Was it necessary to put the deceased on the medication before the results of a lab examination demanded, and was the dosage appropriate?
Was there adequate monitoring of the response of the patient to the treatment after putting her on the drug? Why could the doctor not be reached when crisis set in?
Why was it difficult to make a referral to the Effia Nkwanta Hospital? Was the bleeding and vomiting after taking the medication not adequate sign that something was amiss and therefore required immediate attention?
Answers to these questions and others, which the General Medical Council may pose, would present a clearer picture of what really happened and the dangers patients face while seeking treatment and attention.
While not oblivious to the many challenges doctors face in the discharge of their duties, it is also a fact that there are instances of negligence in our local medical facilities across the country.
Several patients have stories to tell about what they have suffered at the hands of apathetic medics and paramedics even when their situations were dire, requiring immediate attention.
Patients who ask questions stand the risk of being abandoned or even turned away at the hands of bad medical personnel.
This is by means a representation of the overall picture in our hospitals. When the deceased was bleeding and vomiting, her husband could not have asked questions regarding the appropriateness or even the dosage of the drugs she was put on.
When he turned up to deliver some food to the woman before her death, a nurse told him that she had been given a bottle of coke and that she was alright, apathetic reflection of the reality.

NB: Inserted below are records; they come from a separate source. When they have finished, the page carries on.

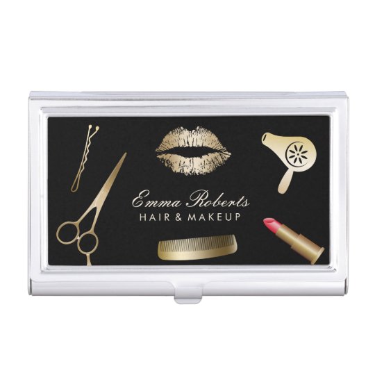 Makeup Artist Hair Stylist Black Gold Beauty Salon Visitenkarten Dose Zazzle De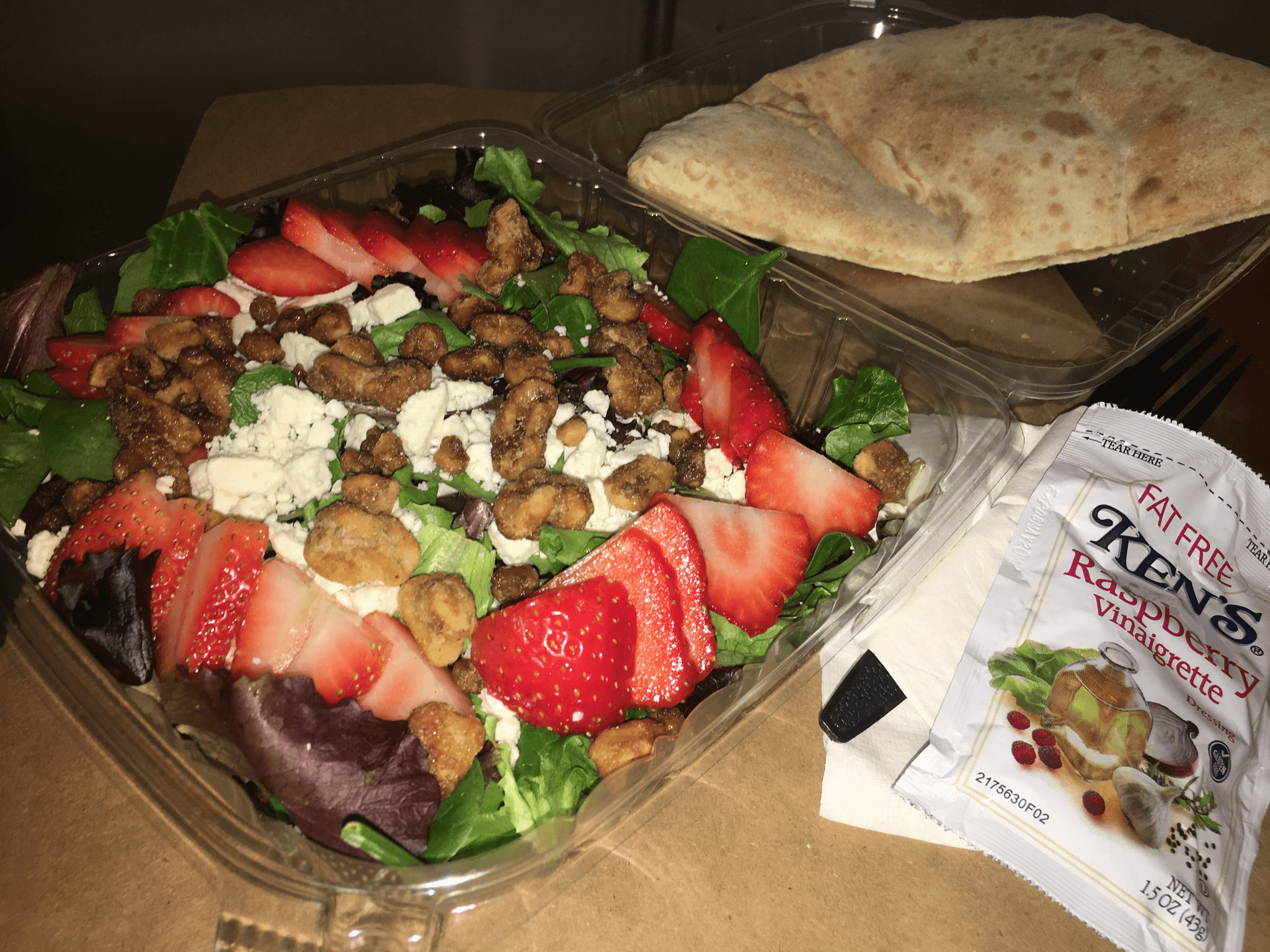 Spring mix, candied walnuts, feta and strawberries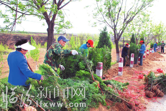 在“爱我临汾、树我形象、建我家乡”活动中,浮山县林业部门与公路、农业等单位积极响应号召,扩充境内临浮路沿线绿化带,以绿化家乡环境为载体,引深主题活动。 (记者 李自强 摄)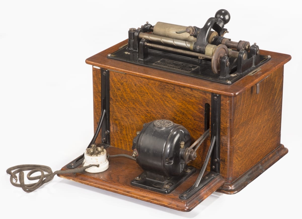 Dictaphones and Ediphones were sound recording devices largely used for oral dictation in business settings. In this scenario, wax cylinder recordings were passed to a secretary, who listened to the recording with a playback-only transcriber and then typed up notes. A shaving machine, such as this one, scraped the previously inscribed layer away allowing a wax cylinder to be reused over 100 times.
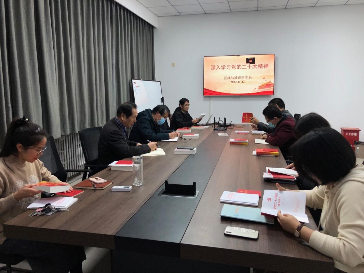 人文地理与城乡规划专业建设目标、推进路径和人才引进等方面进行工作部署,指出系室要以二十大精神为引领,百尺竿头、更进一步,助力一流专业建设;最后,党员代表高建华、秦明周围绕学习二十大报告、红旗渠精神谈了自己的看法,认为以后要进一步系统学习理论、进一步加强教学过程融入、进一步结合科研解读、进一步强化实践学习,以达到知行合一式的贯彻落实。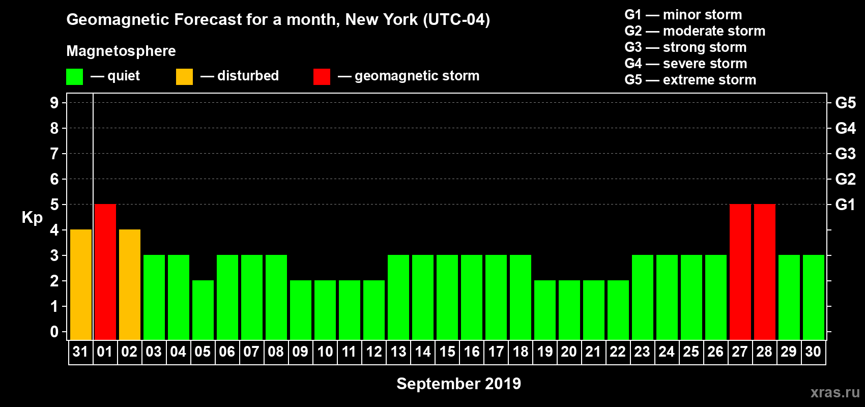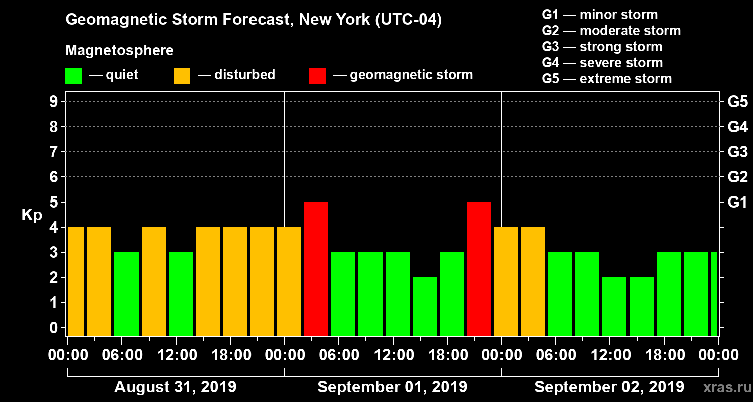 Geomagnetic storm forecast in New York for Aug 31, 2019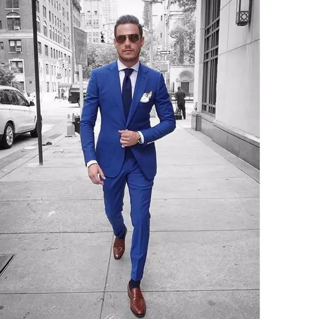 Style Italien Bleu Marié Tuxedos Décontracté Homme Costume Sur
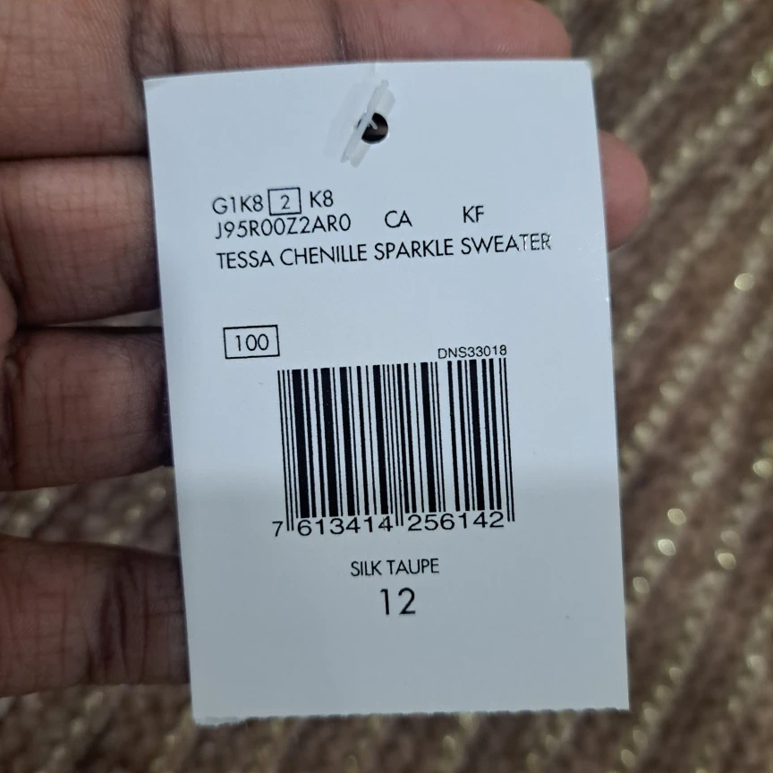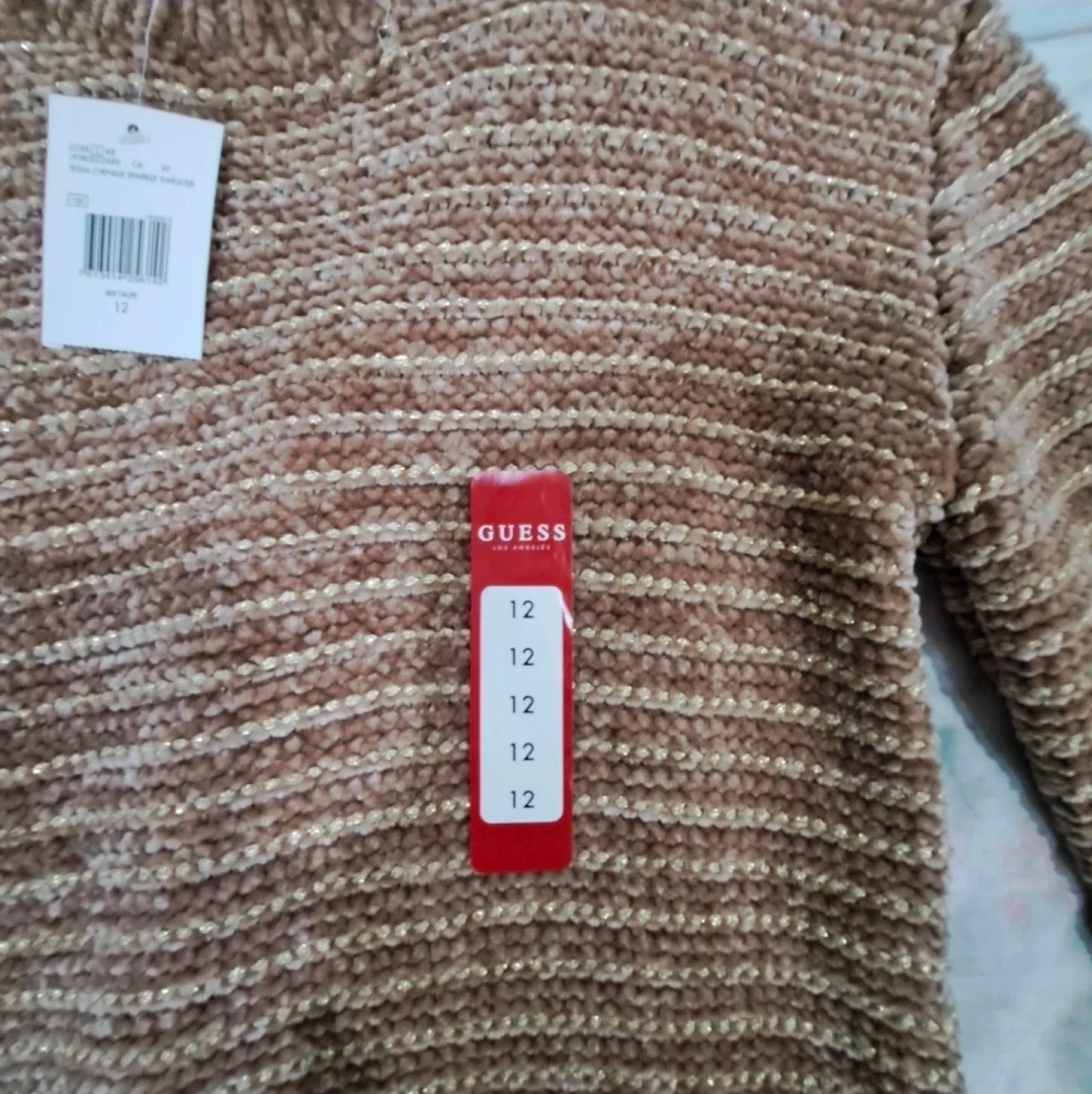 This Guess sweater is new with tags and ready to add a touch of sparkle to your little one's wardrobe! Featuring a light brown base with subtle gold threading, this size 12 girl's sweater is both stylish and cosy.

The doctor could not be reached and there was no ambulance available to convey her to the referral hospital as demanded.
We have even gathered that such a transfer should have been preceded by some paperwork even as the pregnant woman was at the point of death.
If the husband of the deceased is crying out over what for him is negligence at the hands of the medical delivery staff and the system itself, we associate ourselves with him.
This is but a microcosm of the challenges in our infirmaries and unless we sit up and ensure a radical overhaul of things, the kind of challenges suffered by the deceased would recur. Must we turn our attention away from such challenges and pretend all is well with our medical delivery system?
Thankfully, a General Medical Council exists to manage such acts of medical recklessness on the part of some doctors. It is our hope therefore that this matter would be given a thorough interrogation with a view to stopping further recurrences.
As for the deceased she is gone, an irreversible act. What she suffered should serve as an important wake-up call on all of us.
We should show interest in the progress or otherwise of patients even when they are in the care of doctors by posing relevant questions and relaying observations in a manner which would not infuriate the medical professionals.
As we await the decision of the Ghana Medical Council, we join the bereaved Takoradi Polytechnic lecturer, the widower, on the avoidable death of his spouse.